TASK INSTRUCTIONS
Leave out the pictures and retype, exactly, the lines below from the line with "We calculated the" up to and including the line with "Disposable cutting boards", nothing more.

|---|

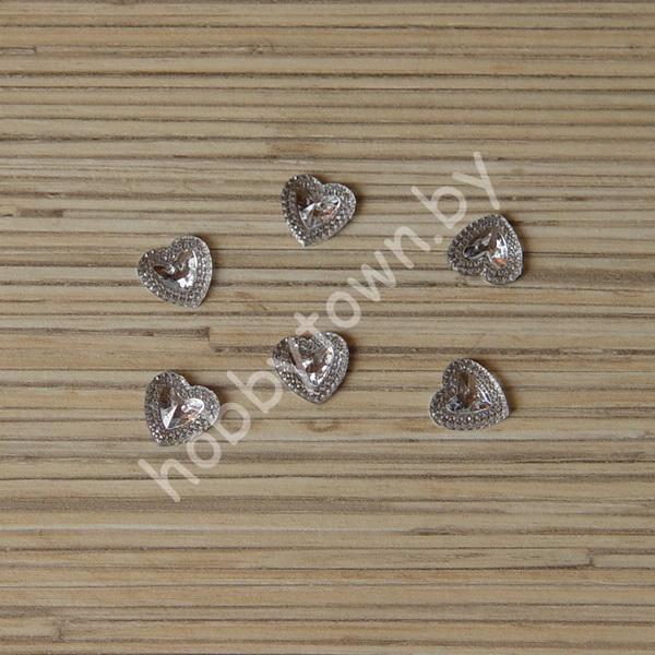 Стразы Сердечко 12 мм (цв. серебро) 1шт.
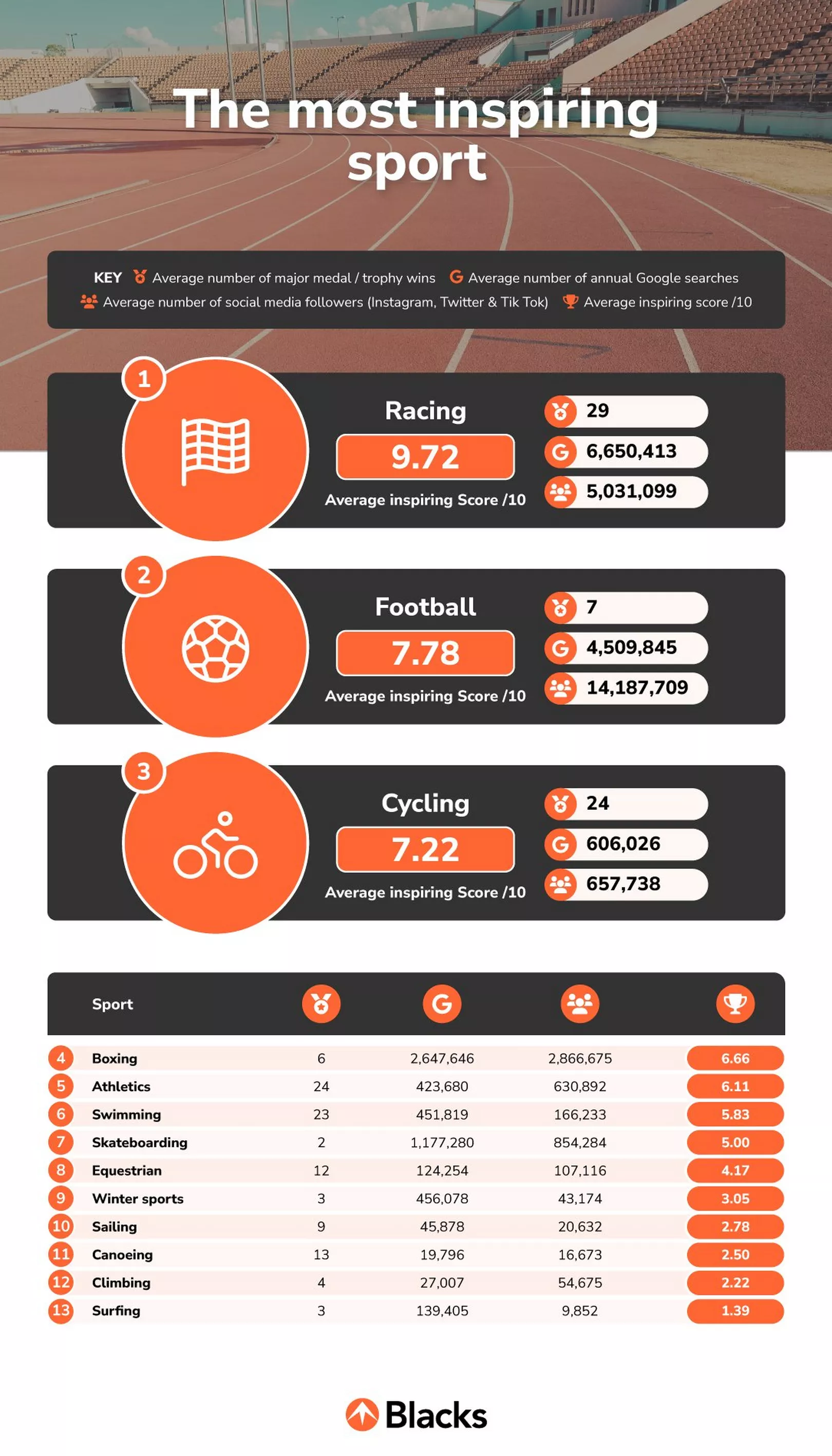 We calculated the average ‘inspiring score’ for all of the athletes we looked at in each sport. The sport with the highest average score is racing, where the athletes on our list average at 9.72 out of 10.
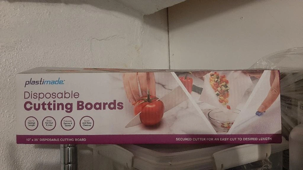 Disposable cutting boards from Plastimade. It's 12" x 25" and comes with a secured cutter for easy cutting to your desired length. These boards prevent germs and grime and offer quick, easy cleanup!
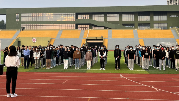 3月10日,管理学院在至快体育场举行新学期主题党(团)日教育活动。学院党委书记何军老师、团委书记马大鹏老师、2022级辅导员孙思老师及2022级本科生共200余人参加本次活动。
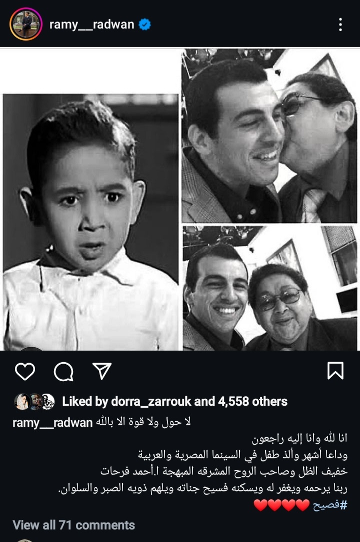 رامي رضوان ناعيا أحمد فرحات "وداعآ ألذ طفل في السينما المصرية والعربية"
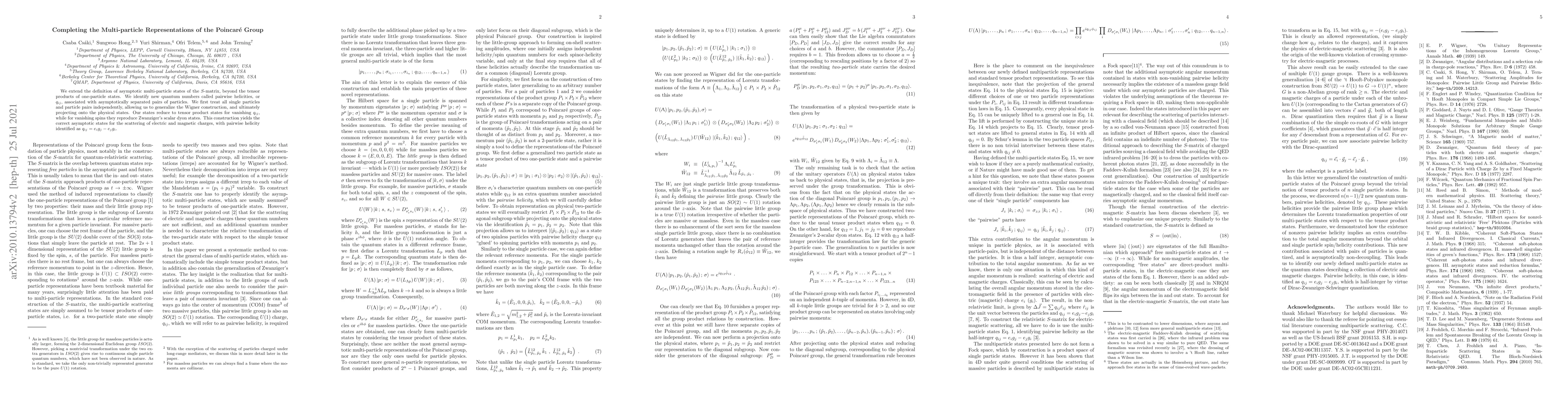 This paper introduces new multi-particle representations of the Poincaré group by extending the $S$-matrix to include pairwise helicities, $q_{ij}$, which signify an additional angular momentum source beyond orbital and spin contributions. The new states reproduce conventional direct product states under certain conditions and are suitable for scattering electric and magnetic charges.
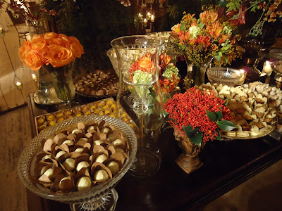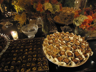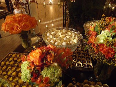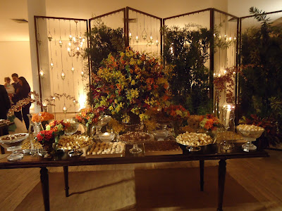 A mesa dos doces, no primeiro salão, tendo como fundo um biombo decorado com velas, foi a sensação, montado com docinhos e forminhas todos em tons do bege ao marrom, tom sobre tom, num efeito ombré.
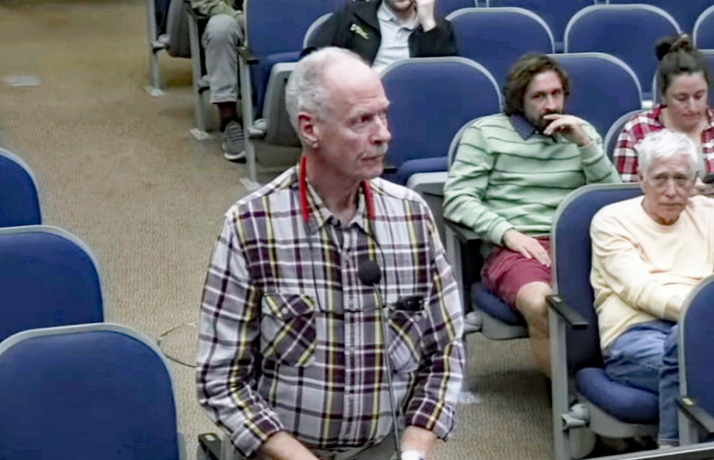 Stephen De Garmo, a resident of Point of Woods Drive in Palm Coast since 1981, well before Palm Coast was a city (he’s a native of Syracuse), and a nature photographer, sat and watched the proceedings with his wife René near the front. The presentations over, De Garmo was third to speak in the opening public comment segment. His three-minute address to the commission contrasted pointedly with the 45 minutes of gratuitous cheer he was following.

|---|

REPLY TO THE TASK
 We calculated the average ‘inspiring score’ for all of the athletes we looked at in each sport. The sport with the highest average score is racing, where the athletes on our list average at 9.72 out of 10.
 Disposable cutting boards from Plastimade. It's 12" x 25" and comes with a secured cutter for easy cutting to your desired length. These boards prevent germs and grime and offer quick, easy cleanup!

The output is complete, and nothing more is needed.